▶ **GIVEN INFORMATION**:
########################################

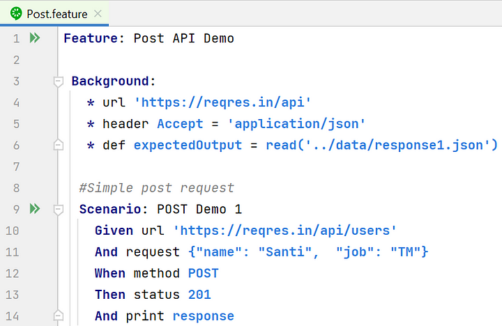 In this test case, I add a background that I will use in different scenarios. First, I set up the URL (where the API is), and the header needs to send the data and the expected output. The header and response are located in another folder in the project called “data.”
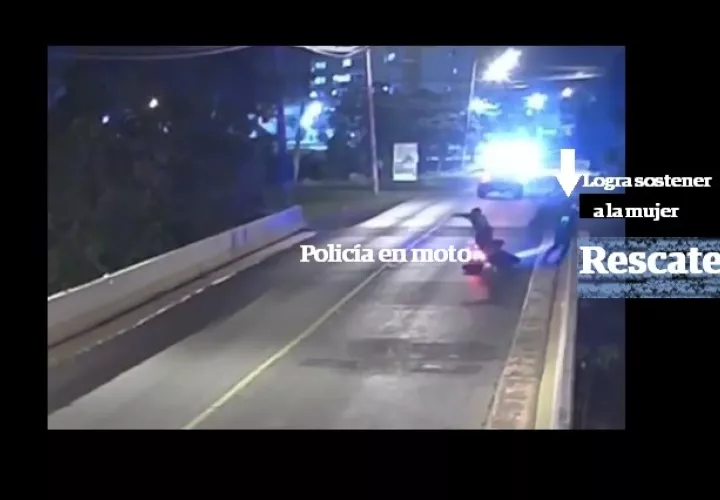 El rescate fue rápido, uno de los uniformados se lanzó de la moto cuando percibió que mujer iba a saltar de la estructura del puente, logrando sostenerla para evitar que cayera.
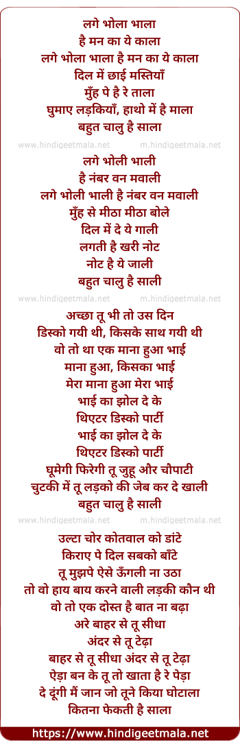 Lyrics of Bahut Chalu Hai Saala - बहुत चालु है साला

########################################

Return the complete material above exactly, with no picture.

▶ **PROBLEM SOLUTION**:
 In this test case, I add a background that I will use in different scenarios. First, I set up the URL (where the API is), and the header needs to send the data and the expected output. The header and response are located in another folder in the project called “data.”
 El rescate fue rápido, uno de los uniformados se lanzó de la moto cuando percibió que mujer iba a saltar de la estructura del puente, logrando sostenerla para evitar que cayera.
 Lyrics of Bahut Chalu Hai Saala - बहुत चालु है साला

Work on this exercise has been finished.